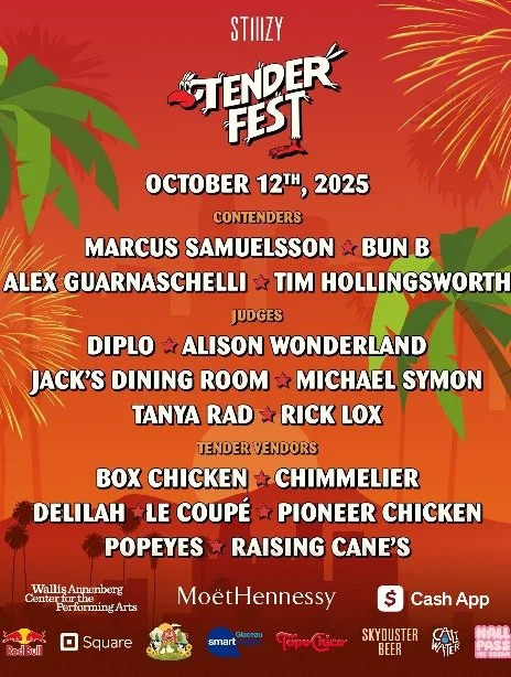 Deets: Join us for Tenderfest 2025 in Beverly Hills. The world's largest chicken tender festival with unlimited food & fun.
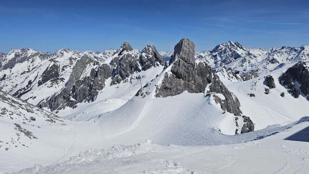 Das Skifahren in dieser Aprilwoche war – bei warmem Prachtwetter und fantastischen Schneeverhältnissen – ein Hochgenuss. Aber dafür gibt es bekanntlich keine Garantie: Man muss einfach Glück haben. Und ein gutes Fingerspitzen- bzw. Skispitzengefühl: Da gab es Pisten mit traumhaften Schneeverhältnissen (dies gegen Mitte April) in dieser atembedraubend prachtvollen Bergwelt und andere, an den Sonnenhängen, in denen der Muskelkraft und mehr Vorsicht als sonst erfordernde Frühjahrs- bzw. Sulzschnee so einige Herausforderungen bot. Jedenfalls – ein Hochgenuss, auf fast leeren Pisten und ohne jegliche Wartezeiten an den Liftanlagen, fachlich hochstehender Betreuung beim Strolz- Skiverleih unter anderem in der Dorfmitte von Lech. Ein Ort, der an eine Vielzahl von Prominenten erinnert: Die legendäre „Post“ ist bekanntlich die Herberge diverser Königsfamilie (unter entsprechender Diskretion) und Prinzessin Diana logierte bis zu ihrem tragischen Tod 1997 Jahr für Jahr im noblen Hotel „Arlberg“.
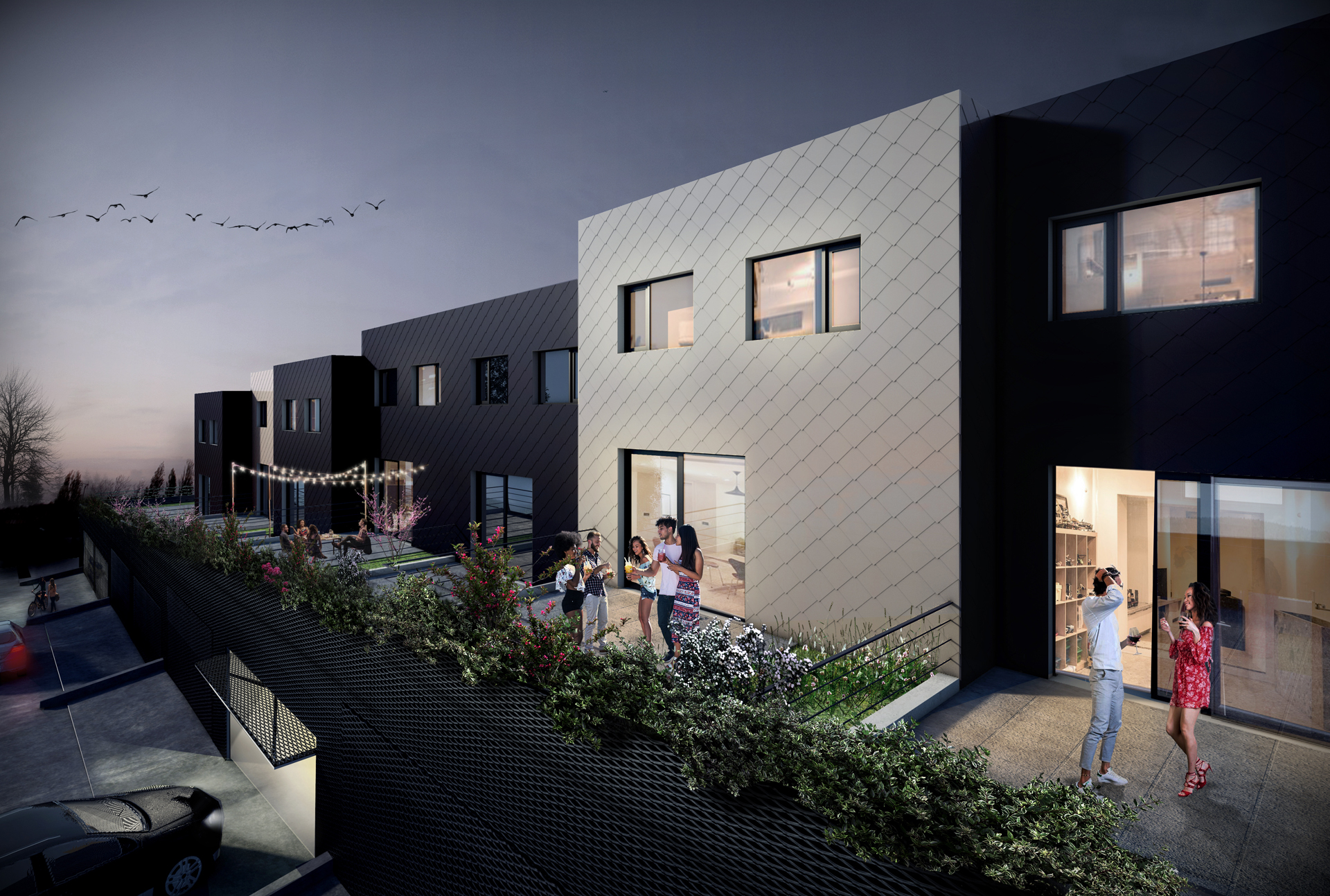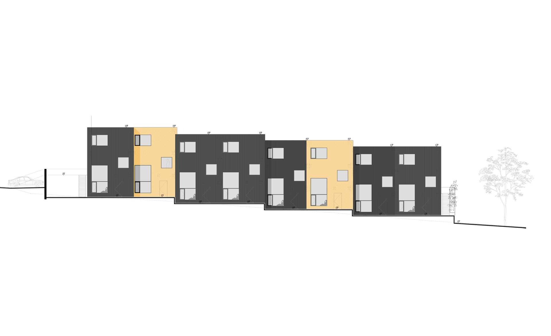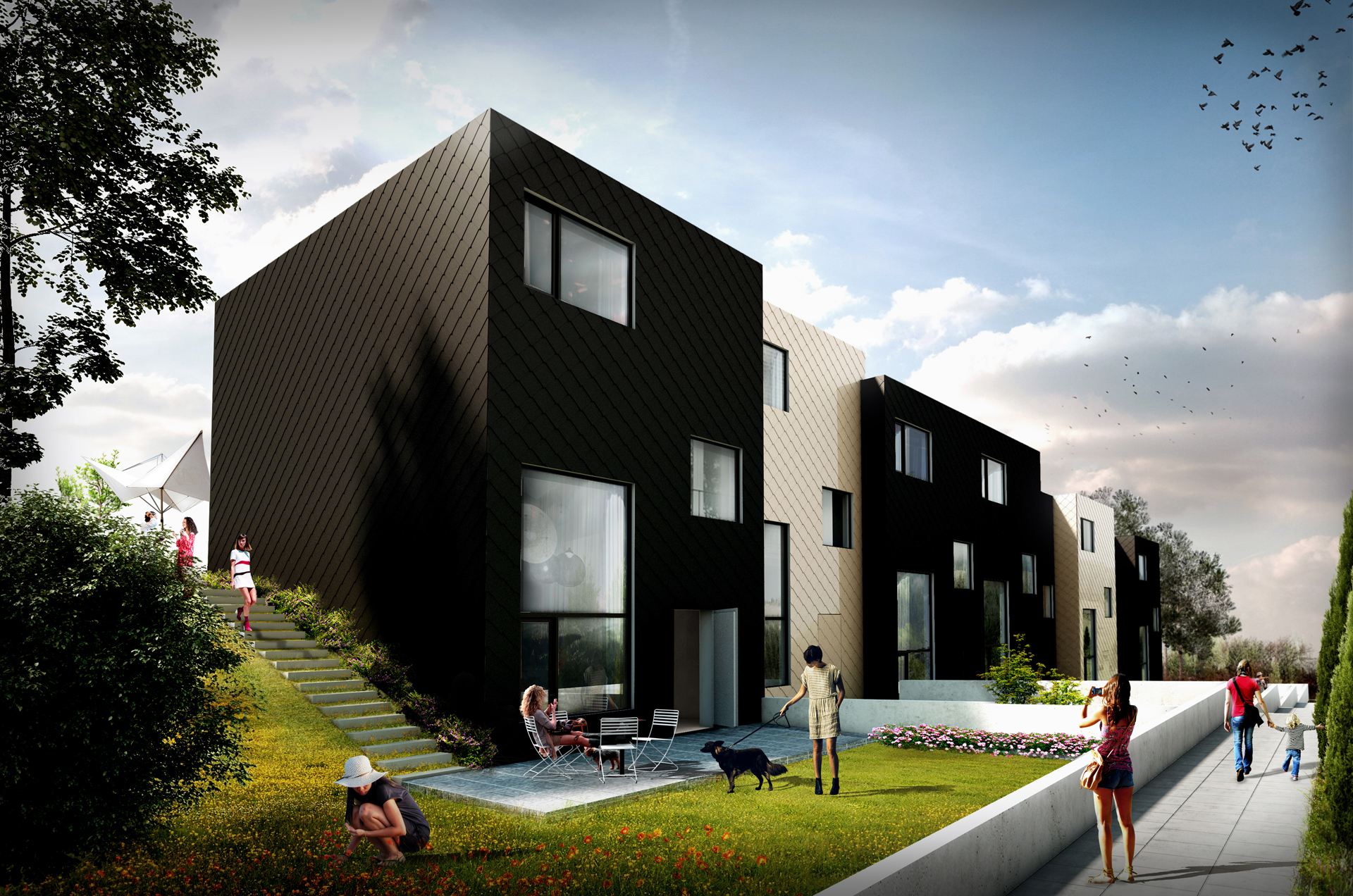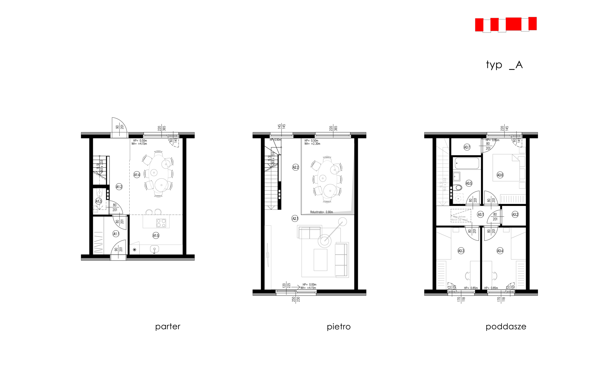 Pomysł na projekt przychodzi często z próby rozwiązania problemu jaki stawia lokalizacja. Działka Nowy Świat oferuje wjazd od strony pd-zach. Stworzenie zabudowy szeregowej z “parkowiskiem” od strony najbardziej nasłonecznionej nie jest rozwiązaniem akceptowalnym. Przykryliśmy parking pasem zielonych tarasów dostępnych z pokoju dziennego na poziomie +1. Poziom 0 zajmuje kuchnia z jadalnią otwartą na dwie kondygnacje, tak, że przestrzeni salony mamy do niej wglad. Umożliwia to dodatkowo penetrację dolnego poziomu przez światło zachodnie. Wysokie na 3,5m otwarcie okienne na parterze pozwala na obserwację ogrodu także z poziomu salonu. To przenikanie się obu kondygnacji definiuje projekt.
* * *
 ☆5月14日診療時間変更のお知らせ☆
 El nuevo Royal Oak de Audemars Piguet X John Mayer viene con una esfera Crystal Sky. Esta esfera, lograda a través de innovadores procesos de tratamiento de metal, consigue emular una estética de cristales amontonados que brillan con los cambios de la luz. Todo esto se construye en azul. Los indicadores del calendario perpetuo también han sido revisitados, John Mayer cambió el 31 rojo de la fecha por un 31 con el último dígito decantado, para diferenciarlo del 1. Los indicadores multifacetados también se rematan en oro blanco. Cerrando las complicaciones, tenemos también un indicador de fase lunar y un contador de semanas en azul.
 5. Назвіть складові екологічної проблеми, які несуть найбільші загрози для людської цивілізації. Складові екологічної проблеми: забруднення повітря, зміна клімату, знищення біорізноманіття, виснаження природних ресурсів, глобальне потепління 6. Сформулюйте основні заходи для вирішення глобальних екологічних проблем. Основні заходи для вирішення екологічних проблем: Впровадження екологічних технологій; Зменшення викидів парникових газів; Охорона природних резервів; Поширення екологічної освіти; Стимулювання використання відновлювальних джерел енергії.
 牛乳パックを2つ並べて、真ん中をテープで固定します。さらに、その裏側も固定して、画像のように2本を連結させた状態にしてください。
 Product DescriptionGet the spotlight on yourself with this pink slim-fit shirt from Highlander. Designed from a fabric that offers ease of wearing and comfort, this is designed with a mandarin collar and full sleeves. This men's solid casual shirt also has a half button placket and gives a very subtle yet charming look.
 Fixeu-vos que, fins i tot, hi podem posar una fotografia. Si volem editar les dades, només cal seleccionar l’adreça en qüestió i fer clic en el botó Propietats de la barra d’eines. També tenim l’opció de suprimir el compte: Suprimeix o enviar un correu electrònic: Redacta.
* * *
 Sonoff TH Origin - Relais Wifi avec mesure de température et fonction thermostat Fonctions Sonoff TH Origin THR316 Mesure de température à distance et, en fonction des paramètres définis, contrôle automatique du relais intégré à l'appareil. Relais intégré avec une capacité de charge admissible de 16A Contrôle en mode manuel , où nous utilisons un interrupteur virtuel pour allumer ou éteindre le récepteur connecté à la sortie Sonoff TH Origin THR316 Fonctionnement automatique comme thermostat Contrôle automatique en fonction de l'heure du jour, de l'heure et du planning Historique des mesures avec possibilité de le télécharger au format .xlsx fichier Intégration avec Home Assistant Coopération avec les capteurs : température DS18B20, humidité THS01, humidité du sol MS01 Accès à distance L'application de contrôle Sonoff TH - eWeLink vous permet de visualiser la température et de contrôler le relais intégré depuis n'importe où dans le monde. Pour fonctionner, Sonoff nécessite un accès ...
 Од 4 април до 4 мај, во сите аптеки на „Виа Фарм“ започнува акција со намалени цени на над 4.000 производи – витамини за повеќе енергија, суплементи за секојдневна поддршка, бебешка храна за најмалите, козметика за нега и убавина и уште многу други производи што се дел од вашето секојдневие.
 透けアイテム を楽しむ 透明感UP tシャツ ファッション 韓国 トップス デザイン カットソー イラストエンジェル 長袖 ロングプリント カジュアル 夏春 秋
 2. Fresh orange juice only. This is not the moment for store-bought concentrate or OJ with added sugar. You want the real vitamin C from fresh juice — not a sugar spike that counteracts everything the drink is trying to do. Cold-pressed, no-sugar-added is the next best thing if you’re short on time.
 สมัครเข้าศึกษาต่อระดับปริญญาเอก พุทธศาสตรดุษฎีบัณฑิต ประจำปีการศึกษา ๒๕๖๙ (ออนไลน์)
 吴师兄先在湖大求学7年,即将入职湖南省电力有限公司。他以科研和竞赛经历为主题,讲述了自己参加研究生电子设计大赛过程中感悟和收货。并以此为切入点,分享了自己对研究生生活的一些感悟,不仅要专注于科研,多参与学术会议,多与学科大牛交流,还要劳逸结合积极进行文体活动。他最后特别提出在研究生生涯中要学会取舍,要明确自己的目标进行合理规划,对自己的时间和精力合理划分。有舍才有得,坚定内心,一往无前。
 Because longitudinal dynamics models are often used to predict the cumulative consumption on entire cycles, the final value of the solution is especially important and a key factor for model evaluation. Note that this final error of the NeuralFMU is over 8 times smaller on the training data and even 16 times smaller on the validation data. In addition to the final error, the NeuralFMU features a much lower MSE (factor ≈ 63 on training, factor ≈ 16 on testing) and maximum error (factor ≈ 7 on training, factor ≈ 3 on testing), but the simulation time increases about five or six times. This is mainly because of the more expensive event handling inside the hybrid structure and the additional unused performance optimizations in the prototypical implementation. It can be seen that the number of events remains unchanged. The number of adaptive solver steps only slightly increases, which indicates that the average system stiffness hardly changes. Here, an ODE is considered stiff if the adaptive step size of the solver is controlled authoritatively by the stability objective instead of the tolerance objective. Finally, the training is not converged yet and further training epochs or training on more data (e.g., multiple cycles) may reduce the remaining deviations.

● **Exercise brief**
Among the lines above, find the ones containing "from" and copy them.

● **Answer to this exercise**
 Product DescriptionGet the spotlight on yourself with this pink slim-fit shirt from Highlander. Designed from a fabric that offers ease of wearing and comfort, this is designed with a mandarin collar and full sleeves. This men's solid casual shirt also has a half button placket and gives a very subtle yet charming look.
 2. Fresh orange juice only. This is not the moment for store-bought concentrate or OJ with added sugar. You want the real vitamin C from fresh juice — not a sugar spike that counteracts everything the drink is trying to do. Cold-pressed, no-sugar-added is the next best thing if you’re short on time.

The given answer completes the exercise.